India’s government believes that exporters in China and Malaysia are funneling gold jewelry through Thailand to take advantage of the free trade agreement between that nation and India. Gold jewelry from Thailand has an import tax of only 1%, compared to 10% on imports from other nations, but there had to be at least 20% value added in Thailand to the jewelry to qualify.
New Delhi believes that companies are simply transshipping through Bangkok to avoid import fees, and has notified the Thai government that they plan to raise the duty on Thai jewelry imports to parity with other nations in the free trade agreement currently being negotiated between the two nations.
In addition to plugging this import loophole, the Indian government is planning to raise the import tariff on refined gold for the third time in a year, to 8%. The import taxes on gold bars was 2% in early 2012, when the taxes were doubled to 4%. The government raised the fees to 6% just last month in an attempt to curb gold imports.
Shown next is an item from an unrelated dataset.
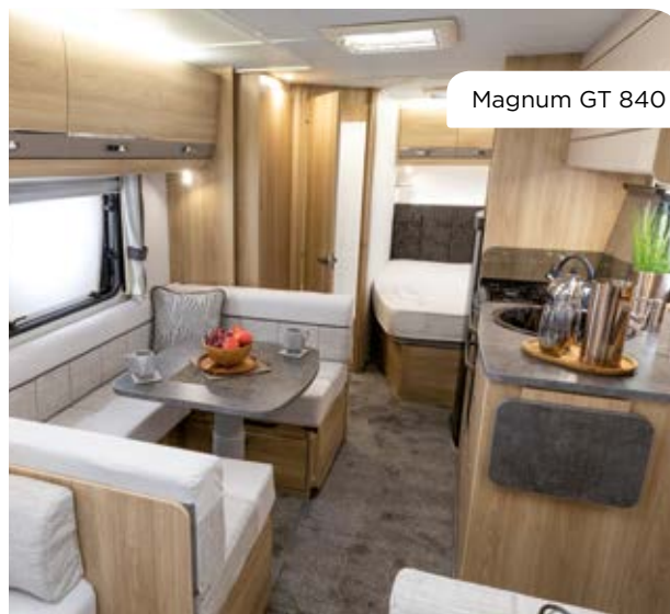
Magnum GT 840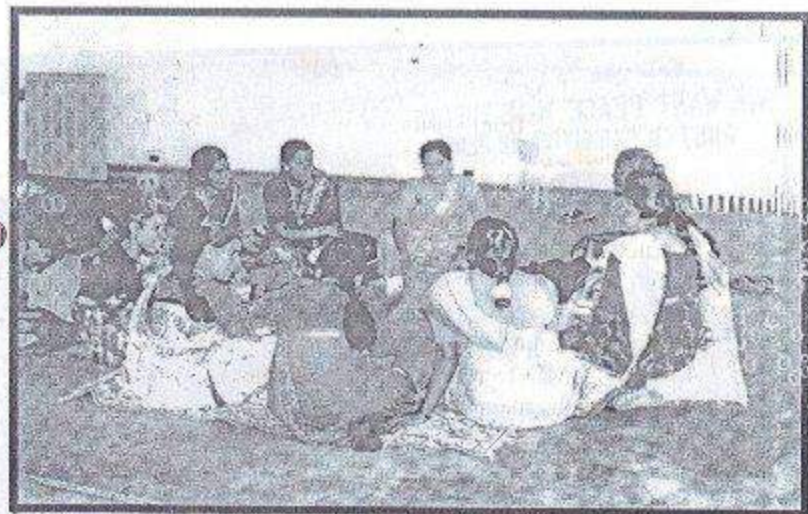
Mothers at Group Discussion

A reinstatement of a 1% excise tax on top of the import duties is also being considered.
India imported 864 tons of gold in 2012, which was down from 2011 due to higher import taxes and a weaker rupee, which made gold more expensive. Gold is the second largest import for India (oil is #1,) making it a major contributor to India’s current accounts deficit. India’s CAD stands at 4.2% of GDP. The target range is 2.5% to 3%. The additional taxes will not only (hopefully) curb gold imports further, it will provide additional revenue for the government, which is battling a budget deficit and cannot afford to deliberately weaken the rupee due to current inflation levels.